Voglio anche sottolineare che, ai sensi dell’articolo 9, comma terzo, della legge costituzionale n. 1/1989, il Senato nega l’autorizzazione «ove reputi, con valutazione insindacabile, che l’inquisito abbia agito per la tutela di un interesse dello Stato costituzionalmente rilevante ovvero per il perseguimento di un preminente interesse pubblico nell’esercizio della funzione di Governo».
La valutazione del Senato è pertanto vincolata all’accertamento di due requisiti (ciascuno dei quali di per sé sufficiente a negare l’autorizzazione): la tutela di un interesse dello Stato costituzionalmente rilevante o il perseguimento di un preminente interesse pubblico. Il Senato non è chiamato a giudicare se esista il cosiddetto fumus persecutionis nei miei confronti dal momento che in questa decisione non vi è nulla di personale. La Giunta prima, e l’Aula poi, sono chiamati a giudicare le azioni di un ministro. Altrettanto chiaro è che il Senato non si sostituisce all’autorità giudiziaria, bensì è chiamato esclusivamente a verificare la sussistenza di un interesse dello Stato costituzionalmente rilevante o di un preminente interesse pubblico.

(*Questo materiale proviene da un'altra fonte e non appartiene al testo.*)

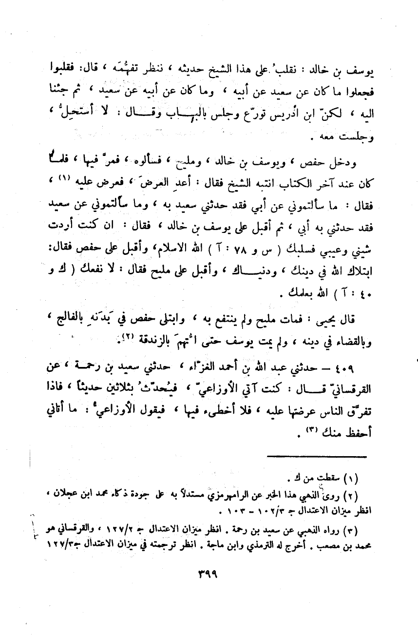 يُوسُفُ بْنُ خَالِدٍ: §نَقْلِبُ عَلَى هَذَا الشَّيْخِ حَدِيثَهُ، نَنْظُرُ تَفَهُّمَهُ قَالَ: فَقَلَبُوا فَجَعَلُوا مَا كَانَ عَنْ سَعِيدٍ، عَنْ أَبِيهِ؛ وَمَا كَانَ عَنْ أَبِيهِ، عَنْ سَعِيدٍ، ثُمَّ جِئْنَا إِلَيْهِ، لَكِنَّ ابْنَ إِدْرِيسَ تَوَرَّعَ وَجَلَسَ بِالْبَابِ وَقَالَ: لَا أَسْتَحِلُّ وَجَلَسْتُ مَعَهُ وَدَخَلَ حَفْصٌ، وَيُوسُفُ بْنُ خَالِدٍ، وَمَلِيحٌ، فَسَأَلُوهُ، فَمَرَّ فِيهَا، فَلَمَّا كَانَ عِنْدَ آخِرِ الْكِتَابِ انْتَبَهَ الشَّيْخُ، فَقَالَ: أَعِدِ الْعَرْضَ، فَعَرَضَ عَلَيْهِ، فَقَالَ: مَا سَأَلْتُمُونِي عَنْ أَبِي فَقَدْ حَدَّثَنِي سَعِيدٌ بِهِ، وَمَا سَأَلْتُمُونِي عَنْ سَعِيدٍ فَقَدْ حَدَّثَنِي بِهِ أَبِي، ثُمَّ أَقْبَلَ عَلَى يُوسُفَ بْنِ خَالِدٍ فَقَالَ: إِنْ كُنْتَ أَرَدْتَ شَيْنِي وَعَيْبِي فَسَلَبَكَ اللَّهُ الْإِسْلَامَ، وَأَقْبَلَ عَلَى حَفْصٍ فَقَالَ: ابْتَلَاكَ اللَّهُ فِي دِينِكَ، وَدُنْيَاكَ، وَأَقْبَلَ عَلَى مَلِيحٍ فَقَالَ: لَا نَفَعَكَ اللَّهُ بِعِلْمِكَ قَالَ يَحْيَى: فَمَاتَ مَلِيحٌ، وَلَمْ يَنْتَفِعْ بِهِ، وَابْتُلُيَ حَفْصٌ فِي بَدَنِهِ بِالْفَالِجِ، وَبِالْقَضَاءِ فِي دِينِهِ، وَلَمْ يَمُتْ يُوسُفُ حَتَّى اتُّهِمَ بِالزَّنْدَقَةِ "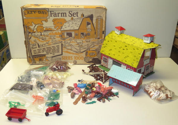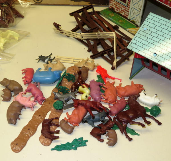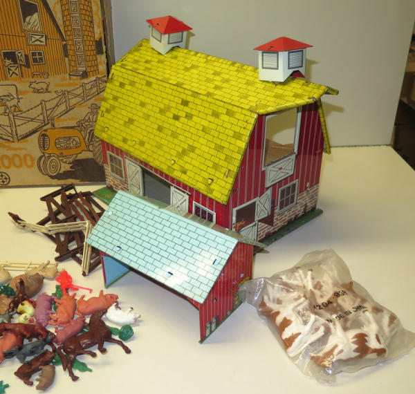 Tin Barn with lots of animals and accessories, played with set, some rust and wear on the barn, no idea if complete or not

Dopo aver riflettuto a lungo su tutta la vicenda, ritengo che l’autorizzazione a procedere debba essere negata. E in questo non c’entra la mia persona. Innanzitutto il contrasto all’immigrazione clandestina corrisponde a un preminente interesse pubblico, posto a fondamento di precise disposizioni (si veda in particolare l’articolo 10-bis d.lgs. n. 286/1998, che punisce il reato di ingresso e soggiorno illegale nel territorio dello Stato) e riconosciuto dal diritto dell’Unione europea. Basti pensare che l’articolo 79 paragrafo primo, del Trattato sul funzionamento dell’Unione europea afferma: «L’Unione sviluppa una politica comune dell’immigrazione intesa ad assicurare, in ogni fase, la gestione efficace dei flussi migratori, l’equo trattamento dei cittadini dei paesi terzi regolarmente soggiornanti negli Stati membri e la prevenzione e il contrasto rafforzato dell’immigrazione illegale e della tratta degli esseri umani».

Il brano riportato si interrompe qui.